Considered by many to be the father of the assemblage movement, Wallace Berman (1949-1976), an active member of the Beat community in Los Angeles and San Francisco, began work on his verifax collages in 1963. These rare verifaxes are a solid example of the artist’s dedication to assemblage and showcase the many ways that Berman manipulated this medium to create different styles of collage. Similarly, Bruce Conner (1933-2008), who was part of Berman’s milieu in the Beat community, began creating assemblages in the late ’50s and early ’60s.

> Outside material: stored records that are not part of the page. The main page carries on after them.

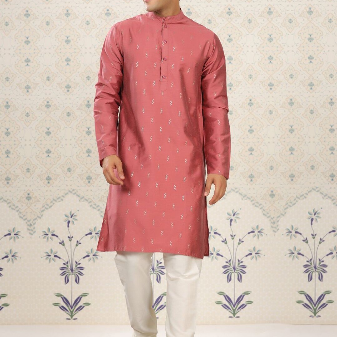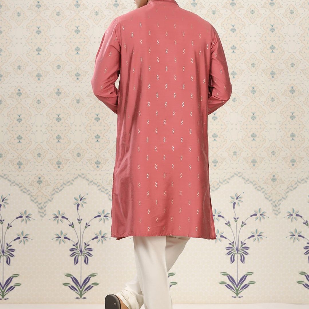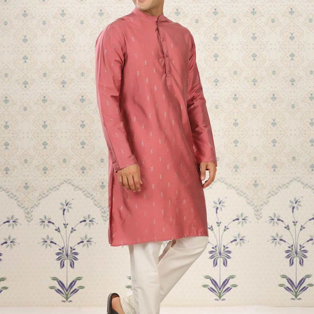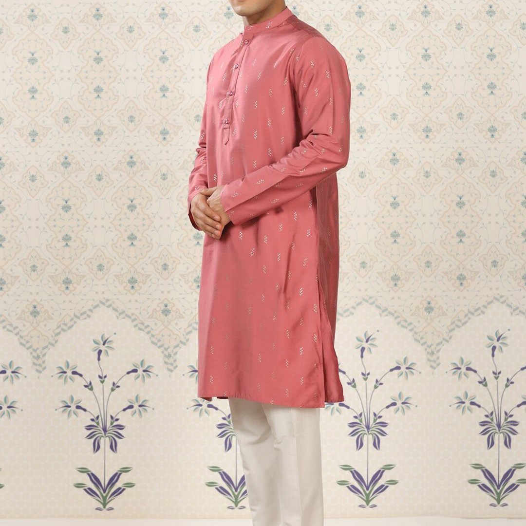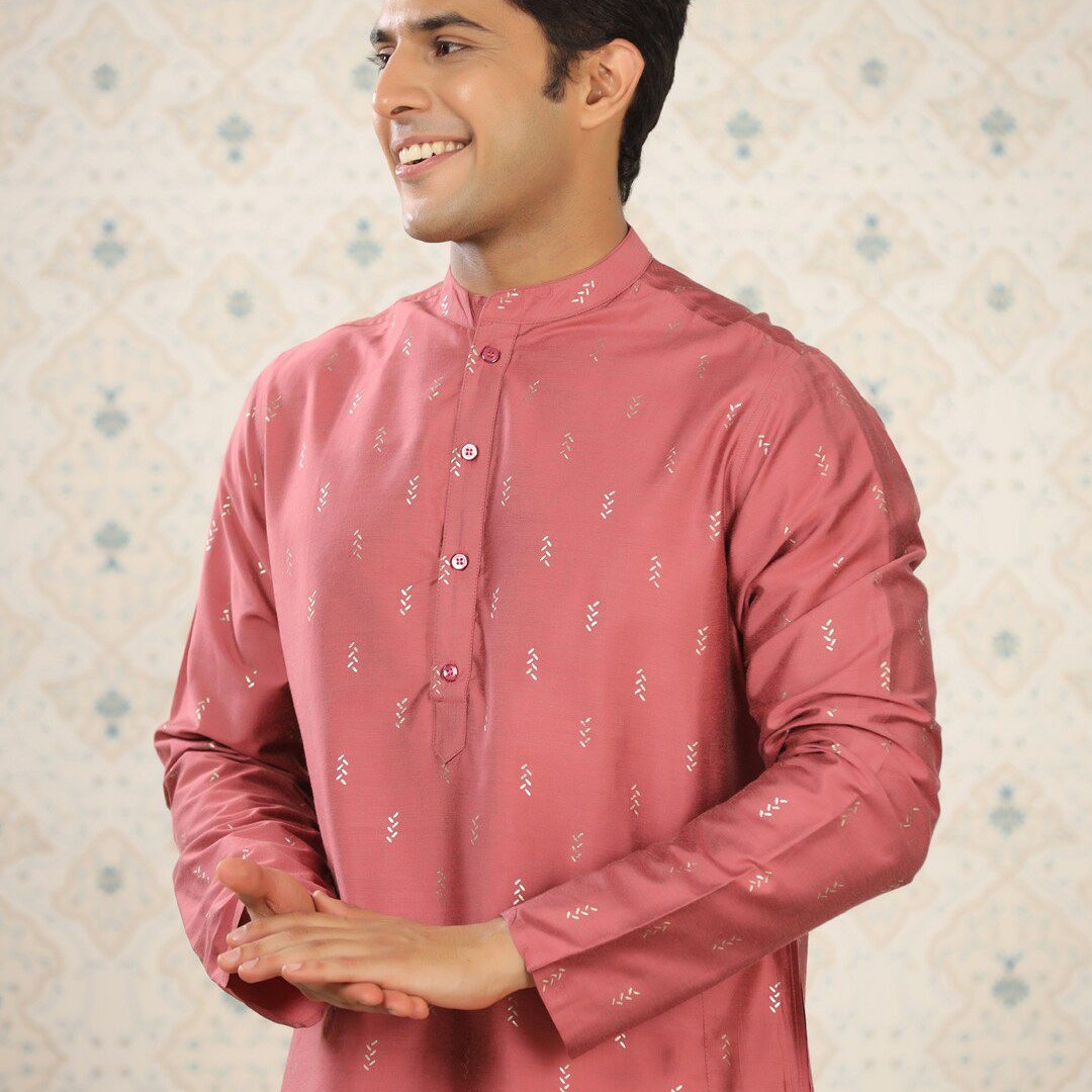 House of Pataudi Pink Ethnic Motifs Printed Mandarin Collar Straight Kurta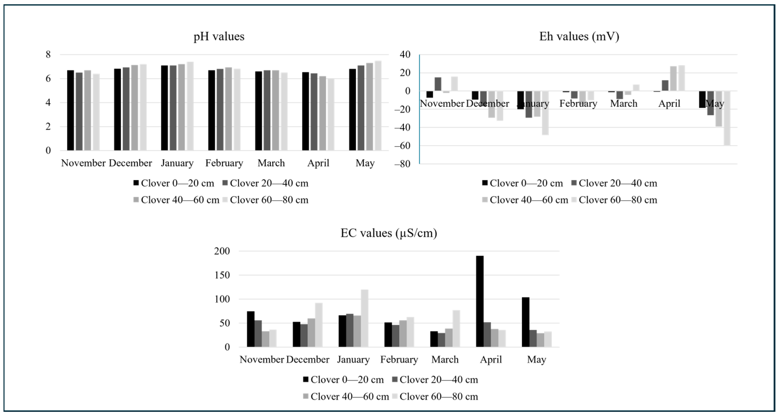 - Mansfeldt, T. In situ long-term redox potential measurements in a dyked marsh soil. J. Plant Nutr. Soil Sci. 2003, 166, 210–219. [Google Scholar] [CrossRef]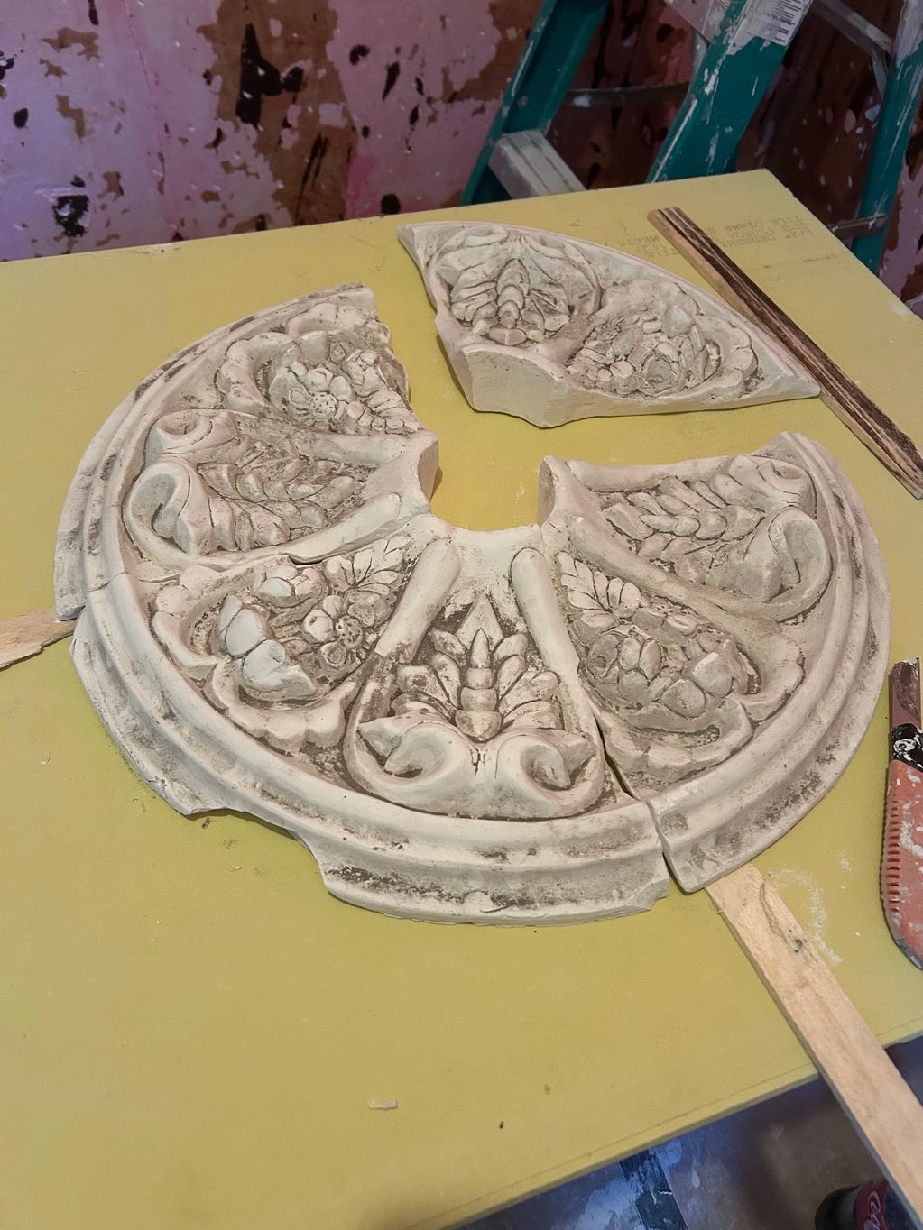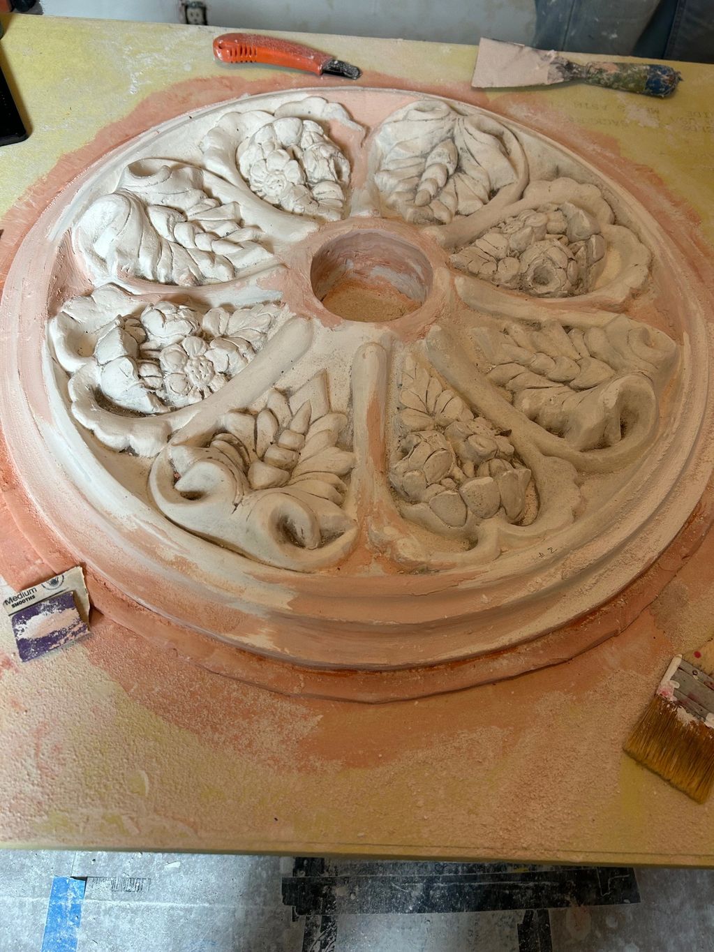 A replica of the central medallion from a Park Slope, Brooklyn townhouse. The house is over a century old. The medallion diameter is 22 inches.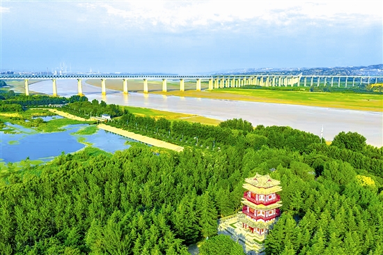 三門峽水利樞紐泄洪過后,黃河水流平緩,形成大片灘涂草地,與藍天、綠樹、大橋交相輝映,構成一幅綠意盎然的生態風景畫。 杜杰 攝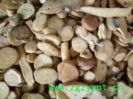 性状颜色:表皮灰白色 断面灰白色,直径0.5-1.5厘米,厚度0.3厘米 占总货80%, 较小颗粒状20%左右
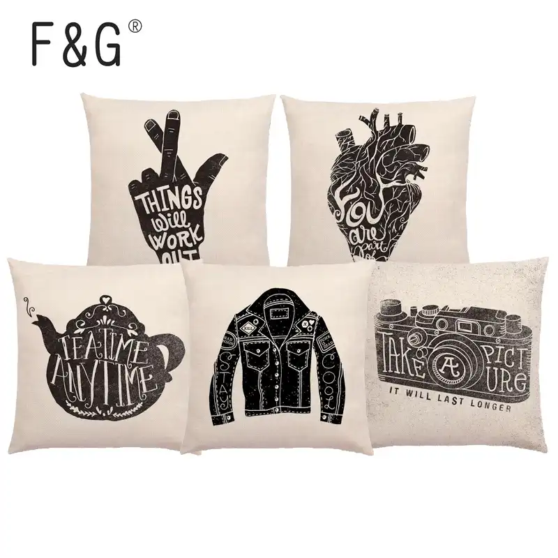 Monochrome Monogrammed Cushion Cover Fun Anchor Camera Teapot Grinder Whale Fox Home Decor Car Sofa Pillowcase Aliexpress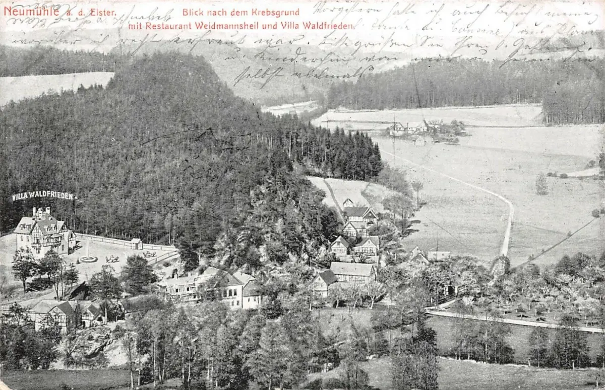 Neumühle a. d. Elster Krebsgrund Rest. Weidmannsheil Villa Waldfrieden AK 1905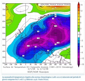 In conclusione di questo nostro editoriale, non possiamo che evidenziare il fatto che, mai come in questo febbraio 2012, si sono viste tante nevicate in un arco di tempo così lungo. A quale periodo invernale paragonare l’evento di febbraio 2012? I dati ormai consolidati ci dicono che in Italia e in Europa qualcosa di simile si è vista solo nel febbraio del 1956 (come dimostra ampiamente la cartina di apertura)!!!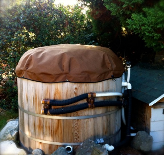 Spa Caps are custom-made in Lynden, WA by real people. Real people you can order from after talking with them on the phone. Seriously. As the Spa Cap website will tell you, they had this great idea to insulate hot tubs with air, instead of foam that tends to saturate and need replacement within 10 years. There are no less than three air baffles in my spa cap. Because the spa cap floats on the water, there is less opportunity for evaporation because heat is not lost to the air layer between the water and the hot tub cover. Nifty.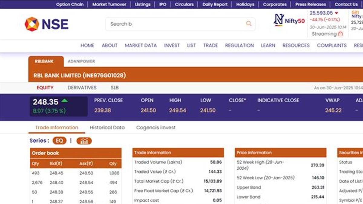 Stocks of RBL Bank Limited (NSE: RBLBANK) opened in green today, June 30, as soon as the stock market opened for business. According to the National Stock Exchange (NSE) website, shares of RBL Bank Limited (NSE: RBLBANK) were trading at INR 248.35 and rose by INR 8.97, or 3.75 per cent. RBL Bank Limited (NSE: RBLBANK) stocks saw their 52-week high of INR 270.39 on June 28 last year. Stocks To Buy or Sell Today, June 30, 2025: BHEL, HAL, Piramal Enterprises Among Shares That May Remain in Focus on Monday.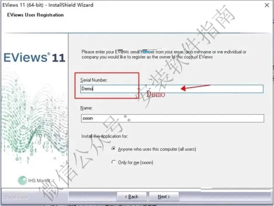 3、这里在Serial Number输入Demo,Name随意输入即可进行下一步;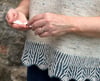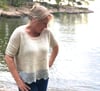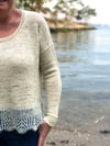 Brioche del Mar is worked in one piece, from the top down. Commencing with the back and then front neck, worked in the flat back and forth until arm holes are created. It is then joined in the round and knit down to the Brioche hem. You can shorten/ lengthen this garment by knitting less/ more body length before commencing the brioche hem. Try on as you go and adjust accordingly. Please note that extra yarn will be required if you knit the body length longer.
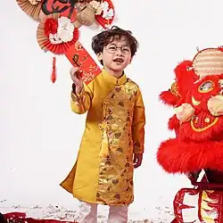 The predecessor of the áo dài was derived by the Nguyễn lords in Phú Xuân during 18th century.[9] This outfit was derived from the áo ngũ thân, a five-piece shirt commonly worn in the 19th and early 20th centuries. The áo dài was later made to be form-fitting which was influenced by the French, Nguyễn Cát Tường and other Hanoi artists redesigned the áo dài as a modern shirt in the 1920s and 1930s.[10] The updated look was promoted by the artists and magazines of Tự Lực văn đoàn (Self-Reliant Literary Group) as a national costume for the modern era. In the 1950s, Saigon designers tightened the fit to produce the version worn by Vietnamese women.[10] The áo dài for women was extremely popular in South Vietnam in the 1960s and early 1970s. On Tết and other occasions, Vietnamese men may wear an áo gấm (brocade long shirt), a version of the áo dài made of very thick fabric and with sewed symbols.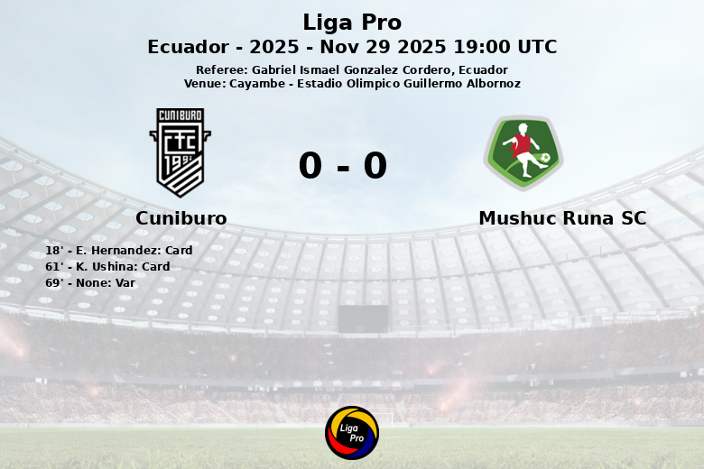 Cayambe, Equador – Em um encontro disputado no Estádio Olímpico Guillermo Albornoz, Cuniburo e Mushuc Runa SC não conseguiram balançar as redes, finalizando a partida com um placar de 0-0. O jogo, válido pela Liga Pro, Temporada 2025, Rodada Relegation Group – 6, foi marcado pela intensidade e pela luta no meio-campo, embora com escassas oportunidades claras de gol.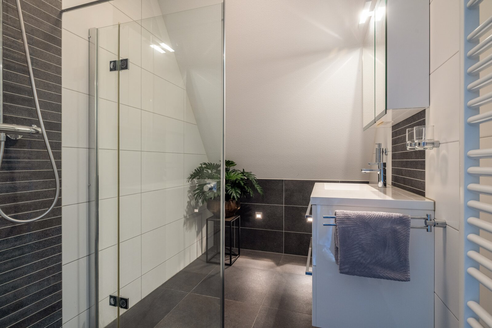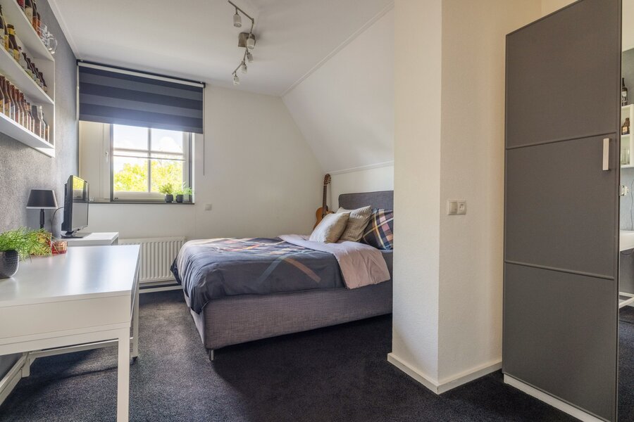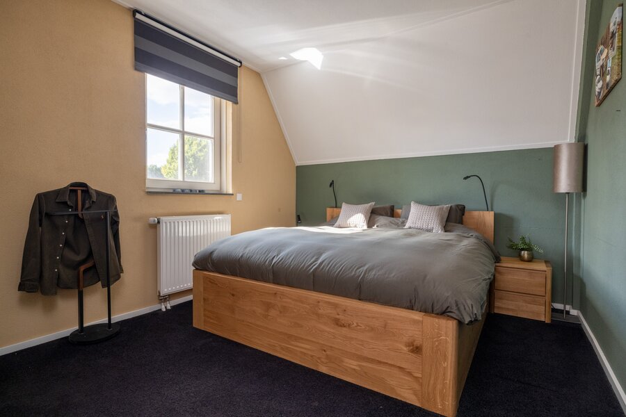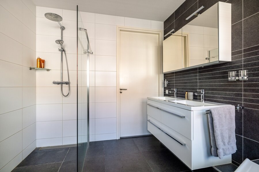 Op de verdieping bevinden zich vier slaapkamers en twee badkamers. De hoofdslaapkamer beschikt over een eigen badkamer met inloopdouche en modern wastafelmeubel. De overige slaapkamers delen een complete tweede badkamer met ligbad, inloopdouche, dubbele wastafel en derde toilet. Alles is keurig onderhouden en tijdloos uitgevoerd.

Conner created his assemblages from scraps salvaged from abandoned buildings, nylon stockings, doll parts, and other found materials. Bruce Conner, a prolific and widely varied artist, died in 2008, leaving behind a legacy of great art historical importance.
Like Berman and Conner, Rashid Johnson (b. 1977)—an emerging artist who was born in Chicago and now lives and works in New York—combines and layers materials to create a culturally and racially coded body of work. Johnson deploys materials and textures that contrast sharply with one another: shea butter, wood, black soap, mirrors, wax, and steel. Rashid’s works are currently in the Rubell Family Collection in Miami, the Whitney Museum of American Art in New York, the Kunstmuseum Magdeburg in Germany, and the Museum of Contemporary Art in Chicago.
With Christopher Wool’s (b. 1955) drip paintings from 1985-86, the physical properties of paint and techniques of reproduction underscore the artist’s practice. Crucial to Wool is his impulse to exploit the limits of painting. Inspired by Jackson Pollock’s drip paintings, Wool would drip paint onto metal supports. In contrast to Pollock, however, Wool’s paintings do not evoke the chaos of Abstract Expressionism, but rather the arbitrary order of carefully achieved randomness.
Considered part of the West Coast “Hard Edge style”, McLaughlin stands out as an important American artist whose minimalist abstractions were rooted in Eastern philosophy and composed of geometric forms. McLaughlin’s paintings are in numerous museums throughout the world, including the Museum of Modern Art and the Whitney Museum of American Art in New York.